**HOW TO COMPLETE THIS TASK:** Output the first line below and each one after it, exactly, up to and including the line holding "To summarize, the". Pictures should not be copied.

**DATA SEGMENT:**

--- START ---

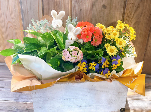 季節の花材を中心に、贈る目的やご予算に合わせてご提案いたします。写真はイメージです。 お好みのテイストや色味があればご注文時にお伝えください。
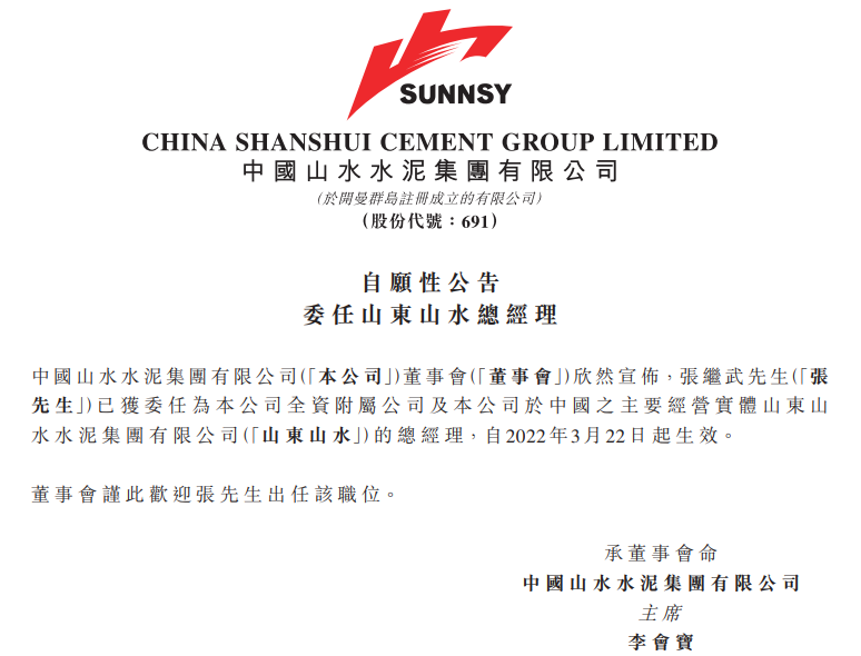 山水水泥(00691.HK)3月22日晚间发布公告,张继武已获委任为公司全资附属公司及本公司于中国之主要经营实体山东山水水泥集团有限公司(“山水集团”)的总经理,自2022年3月22日起生效。
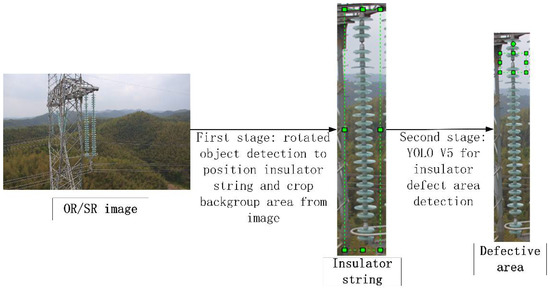 To summarize, the task of insulator defect detection aims to the finding optimal solution of mapping from image OR and SR to insulator defect area. Aiming at the small object problem in this task, this paper proposes the two-stage cascading structure of a defect detection insulator, which can decouple the original complex problem of into two simple optimization problems of and . This method can avoid the problem of small object detection and improve insulator defect detection rate.
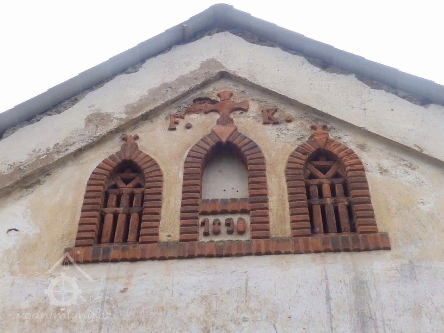 Ve štítě stodoly plastický nápis 1890 F.K. (František Krampera ?) - datum novostavby či přestavby

--- END ---

**ANSWER SPACE:**
 季節の花材を中心に、贈る目的やご予算に合わせてご提案いたします。写真はイメージです。 お好みのテイストや色味があればご注文時にお伝えください。
 山水水泥(00691.HK)3月22日晚间发布公告,张继武已获委任为公司全资附属公司及本公司于中国之主要经营实体山东山水水泥集团有限公司(“山水集团”)的总经理,自2022年3月22日起生效。
 To summarize, the task of insulator defect detection aims to the finding optimal solution of mapping from image OR and SR to insulator defect area. Aiming at the small object problem in this task, this paper proposes the two-stage cascading structure of a defect detection insulator, which can decouple the original complex problem of into two simple optimization problems of and . This method can avoid the problem of small object detection and improve insulator defect detection rate.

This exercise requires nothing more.